Il 14 settembre gli ortodossi si salutano con gli auguri di Capodanno - l’Indizione. Nei calendari liturgici ortodosso e greco-cattolico questo giorno designa l'inizio dell'anno ecclesiastico, lndiktos (il 1º settembre secondo il calendario giuliano). Il termine deriva dal greco Ινδικτιών, Indiktion.
Questa data arrivò in Russia da Bisanzio, in cui ogni 15 anni il 1 ° settembre, alla fine del raccolto, veniva riscossa una tassa per fornire benefici statali ai soldati in congedo che avevano prestato servizio nell'esercito per 15 anni. In Russia, l’indizione è diventata una festività dello stato e della chiesa dal 1492. E nonostante il fatto che Pietro il Grande nel 1700 abbia rinviato la celebrazione civile del Capodanno al 1 ° gennaio, nel calendario ecclesiale l’indizione rimane legata al giorno del 14 (1) settembre.
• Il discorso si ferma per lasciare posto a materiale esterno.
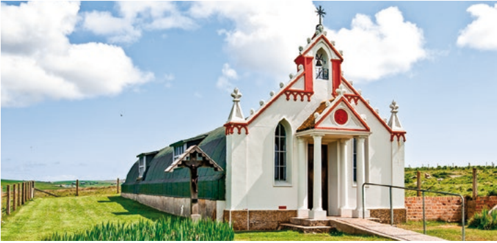
Italienische Kapelle, Lamb Holm

TIPP: Die Inselhauptstadt zu Fuß erkunden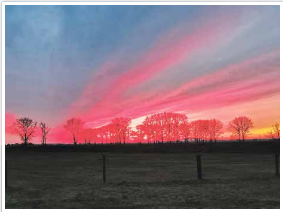
Blick von Zerben Richtung Zielitz

Senden Sie uns Ihr Foto mit Angabe, wo und wann dieses Foto gemacht wurde per E-Mail an gemeindeblatt@elbeparey.de oder an Gemeinde Elbe-Parey, Ernst-Thälmann-Str. 15, 39317 Parey. Mit der Zusendung des Fotos erklären Sie sich mit der Veröffentlichung einverstanden.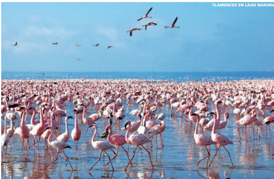
FLAMENCOS EN LAGO NAKURU

HOTELES TURISTA SUP./ PRIMERA Incluyendo PENSIÓN COMPLETA (5 DESAYUNOS + 4 ALMUERZOS + 5 CENAS) + 4 VISITAS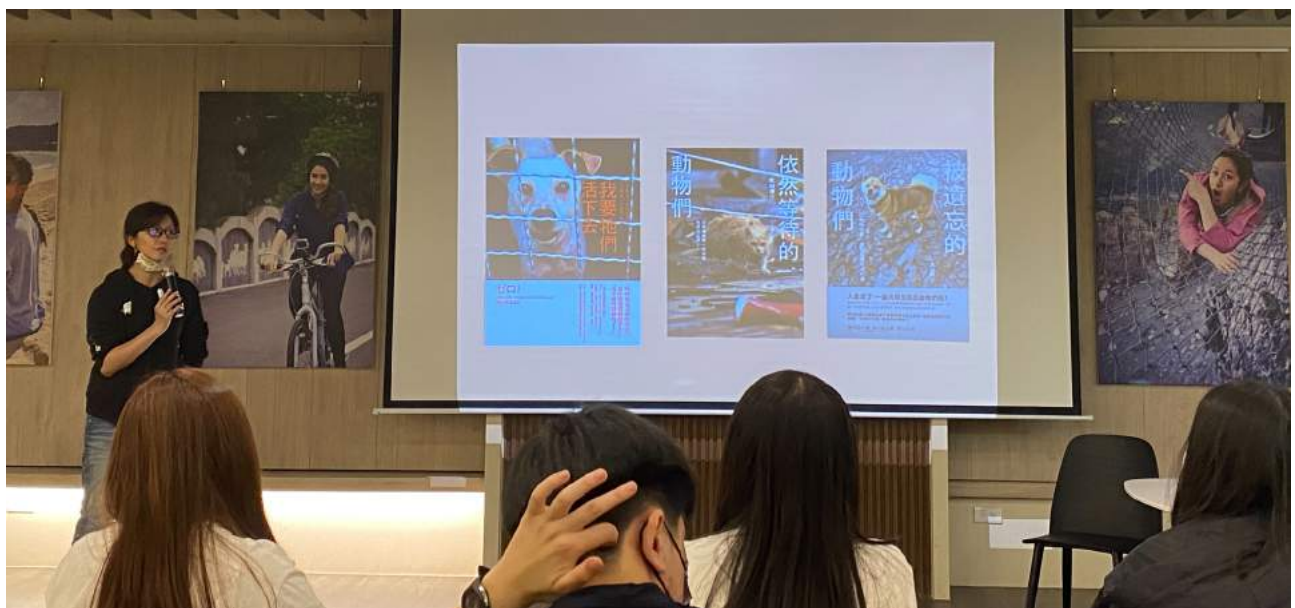
▲ 學生到場聆聽十二夜導演的演講。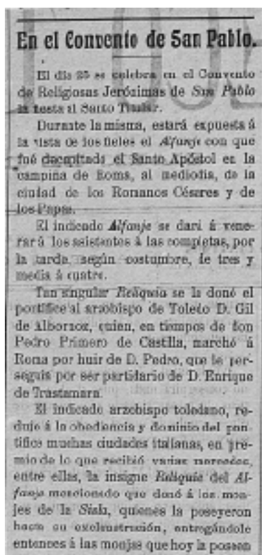
Recorte de El Eco Toledano . Diario defensor de los intereses morales y materiales de Toledo y su provincia . Año IV. Número 625. 24 de enero de 1913.

Da la impresión de que la obsesión de Franco por el cuchillo de san Pablo le persiguió durante años. Quienes se dedicaron a biografiar su figura no inciden sobre la fijación con otro talismán de manera tan persistente, a excepción de «la mano milagrosa de Santa Teresa», un relicario compuesto por un guante de plata con dedos engalanados por piedras preciosas que guarda en su interior los supuestos restos incorruptos de la santa. También destaca el hecho de que en su lecho de muerte le trajeran el manto de la Virgen del Pilar para colocarlo a los pies de su cama. Así como las interpretaciones herméticas de su vitor, que apareció de la nada para celebrar su victoria militar y desapareció casi de igual forma; o su animadversión a la masonería, a pesar de que dos de sus hermanos muy posiblemente lo eran; o la simbólica arquitectura de su faraónica tumba en el Valle de los Caídos. Son muchos los elementos que refuerzan la idea de que Franco, al igual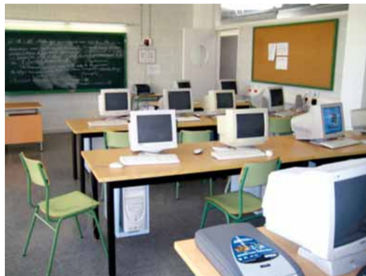
AULA D'INFORMÀTICA DE L'INSTITUT DE LLIÇÀ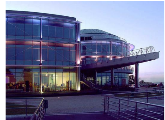
Клуб Кристалл Холл, Киев (проект «Защита от шума»)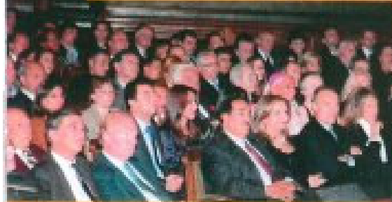
في مقدمة الحضور من اليمين إلى اليسار كارولين شوفلي، وزير الدولة رينو ديتروي، الدكتور حمزة الخولي، الوزير هوتوهور وزير الهجرة والأندماج ووزير الخارجية السابق هيلين دوست بلاري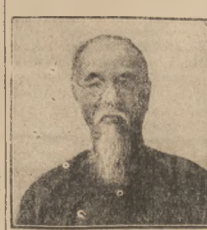
PREZYDENT CHIN LIN - SUN.

Nowomianowany ambasador włoski w Chinach Giulio Sora wręczył wczoraj prezydentowi centralnego Rządu chińskiego Lin-Senowi swe listy uwierzytelniające w imieniu króla Włoch i cesarza Abisynii. W odpowiedzi swej prezydent ograniczył się do wyimienienia tylko tytułu króla Włoch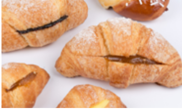
CROISSANT KD. 2.250

Breakfast at Cova fino alle / until 12:00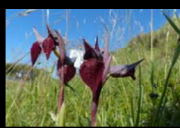
POURSUITE DE LA CONNAISSANCE FLORISTIQUE DU DEPARTEMENT CBN SA - 12 AVRIL 2014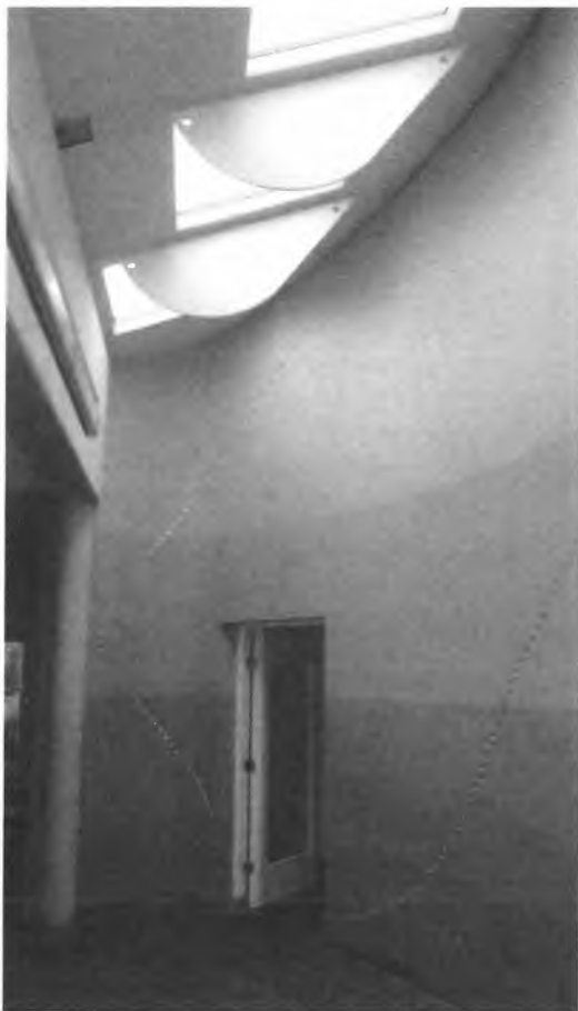
afbeelding 2 De blauw geverfde muren met bovenverlichting met daarop een deel van het kunstwerk Flying Lines

De kerk, gelegen aan het Maranathaplein, ligt verscholen op een binnenterrein in Keizerslanden. De kerk bestaat uit twee delen die verbonden zijn door een binnenstraat. De kerk heeft 1 bouwlaag onder een plat dak. Het ene deel bevat de kerkzaal en in het andere deel zijn vergaderruimten en dienstvertrekken ondergebracht. De kerkzaal heeft een plattegrond van twee over elkaar kruisende vierkanten waarbinnen 4 overlappende circels zijn geplaatst die de buitenwanden van de kerk vormen: halfronde uitbouwen met bovenlichten. Doordat de circels elkaar op verschillende manieren overlappen heeft de kerk geen echt centrum. De kerk is niet axiaal ingericht, zoals bij veel kerken gebruikelijk, maar polycentrisch, met meerdere aandachtscentra en liturgische brandpunten. In dit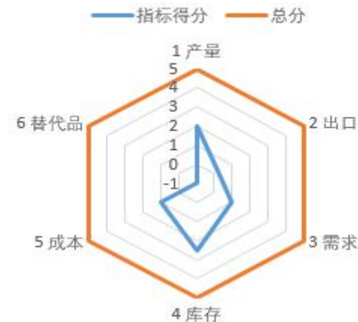
苹果影响因素分析

Tuttavia, questa celebrazione oggi non ha più alcun legame con l'esercito o con la tassa statale.
Il significato della liturgia dell’indizione si rifà alla predicazione di Gesù Cristo nella sinagoga di Nazareth quando il Salvatore disse che venne a "predicare un anno di grazia del Signore" (vedere: Luca 4:19).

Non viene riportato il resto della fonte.